Dank corridors with the virtual smell of death surrounding barbarians, sorceresses, and shapeshifting druids. Crimson rivers spiralling within randomly-generated dungeons and pitfalls. Innocents sacrificed for a greater evil that started the Diablo mythos. Large bosses falling apart in R-rated violent chunks.
That’s the Diablo IV experience in BlizzCon 2019, and it’s a much-lauded return to form for fans of Diablo and Diablo II, at least from a gameplay and aesthetics perspective.

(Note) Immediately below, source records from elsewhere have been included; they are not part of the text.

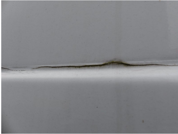
Bild 19: Abdichtung Frontwand, Seitenwand links und rechts beschädigt - erneuern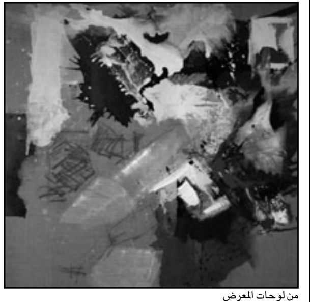
من لوحات المعرض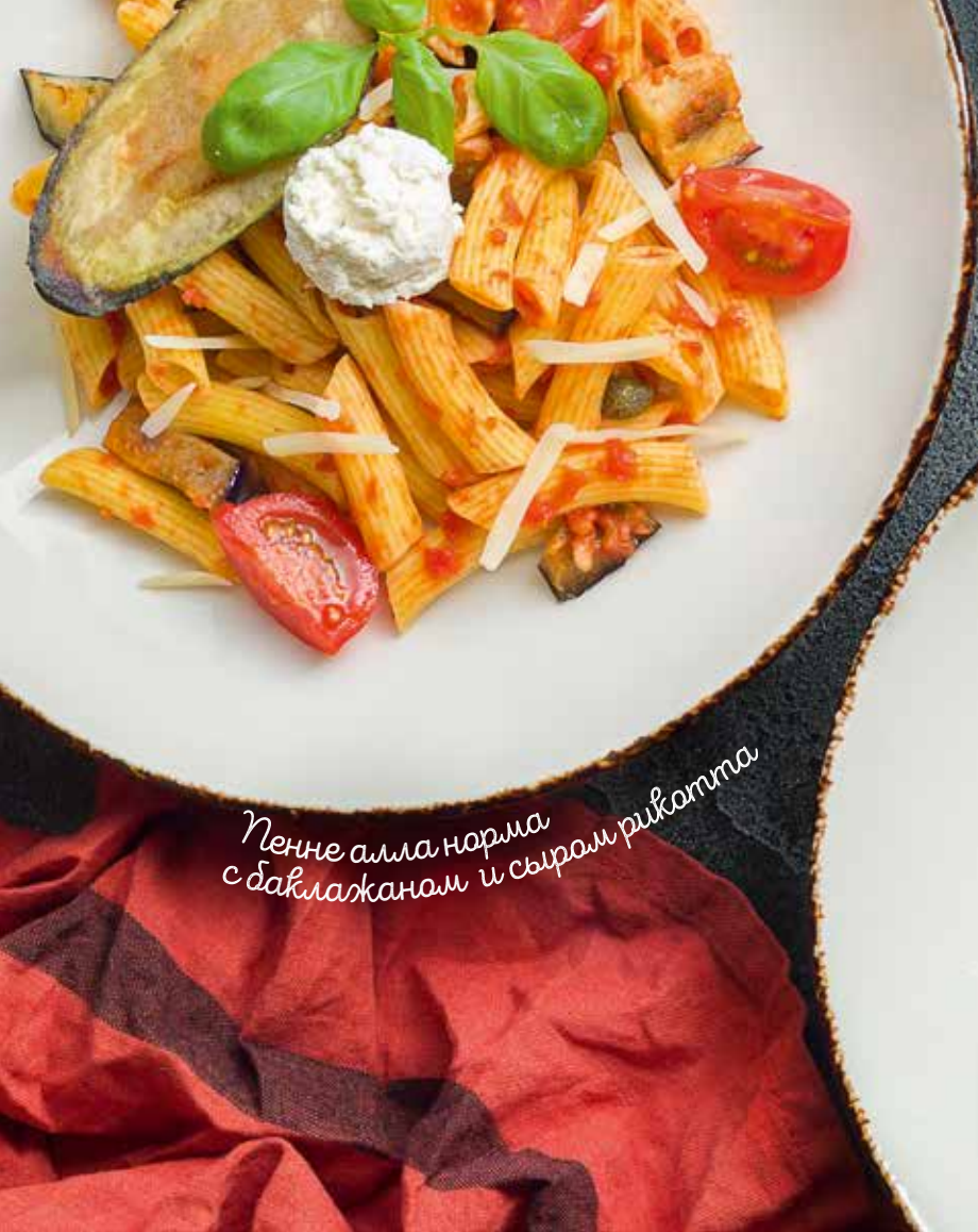
Пенне алла норма с баклажаном и сыром рикотта

The demo featured three playable characters: the melee-focused Barbarian who still has his/her trademark Leap back, the magic-savvy Sorceress, and the shapeshifting Druid. The trio’s set of skills illicit a huge sense of gratification regardless of what you’re interacting with: every move will make you feel like you’re kicking ass but at the same time demons and fiends will overwhelm and challenge you by the droves. The developers took the core combat of Diablo III and everything else -tone and challenge- from Diablo II to give the impression that they’re delivering an uncompromised vision of a Diablo sequel.
Playing through one of the dungeons, Garan Hold, evokes that sense of claustrophobia and dread, knowing that there’s probably a game-ending elite or boss waiting for you in its randomly-generated corner. Fortunately, you have a bunch of tools at your disposal. The Barbarian needs to equip four weapons for his loadout so that you can make full use of all of his moves. The Sorceress can just kite and lure enemies to a tight spot for her lightning and ice elemental AoEs, as well as literally bolt away/through enemies by transforming into a ball of sparkling electricity.
The Druid can not only summon AoE storm magic to soften foes, but also insta-shapeshift as either a bear or wolf for specific lunging attacks. One may argue that some semblance of strategy may be lost if there’s no mechanic that commits you to a shape, but to do that may sacrifice the punchy and fast-paced combat of this action RPG iteration. For the sake of introducing a new Diablo experience for fresh players, this is a welcome change.
The core experience also gets a boost: for example, Elites will hunt you down during your dungeon trekking. Whether you’re just walking around or fighting a Drowned boss, they will interrupt your progress.
Elites have enhanced affixes. Basically, buffs to make your life hell. Some like the Skeleton Ballistas can fire three shots in different directions instead of just one.
Bosses like Tomb Lord and the Drowned fat lady can be a handful to deal with; the former can resurrect skeleton warriors and create exploding bone walls, while the latter has wide AoE attacks.
World bosses like Ashava have stun meters that make them stagger if it’s full. You can break parts and segments of a boss if that happens, weakening them as you fight them further.
Endgame dungeon running also gives opportunities for players to use special dungeon keys that amp up the challenge and improve loot quality. That same Garan’s Hold dungeon can be modified to feature deadly traps like the Lightning Pulse; once activated, this thing will chase you around until you complete a specific dungeon objective. While still an idea knee-deep in development, this can be seen as an evolution of Diablo III’s Nephilim Rifts.
And if all of that isn’t enough, avid Diablo fans will be happy to know that the game will have Hardcore mode -basically a one-life only run with your character.
Now comes the bit that may throw people off the loop: in keeping up with live games, Diablo IV’s hub and overworld will be a shared online space not unlike the Destiny series. The world of Sanctuary itself is open and not a bunch of instances like Diablo III.
There’s a lot to explore and discover like cliffsides with hidden treasure, sidequests from passerbys and NPCs, surprise enemy mob encounters, and the aforementioned world bosses that require more than a 4-person party to kill. That latter bit with Ashava means loads of colourful spells and effects filling up the screen as the mob tries to kill the demon off before it overwhelms the party.
Open world concepts like this mean that you can not only team up with random players, but also trade with them and, for would-be griefers, fight and kill them. Of course, the developers will make sure that the PvP aspects will be sorted out and not devolve around a “one-shot from overpowered gankers” scenario for players who just want to take their time.
Besides, Diablo IV will still let you play solo; the game just needs to be online. This isn’t entirely unreasonable in this day and age where people play mobile games by themselves and need to still stay online.
It’s good to know that Blizzard took heed of the lessons and ideas laid out by other isometric action RPGs post-Diablo III’s launch in 2012, because it’s really going all-out in reclaiming its rightful seat with the fourth game. This demo proves that the balance of pleasing players and bringing back the spirit of Diablo II -from its atmosphere to its competitive setting- is beneficial in making the most out of this long-running monster mash.
More Diablo is always a good thing, especially with the promise of legendary and mythical loot like these:
Diablo IV has no release date, but it’s confirmed to be out on PC, PS4, and Xbox One. Our guess? Based on Diablo III’s release schedule and possible publisher pressure, it may be out less than 5 years from now.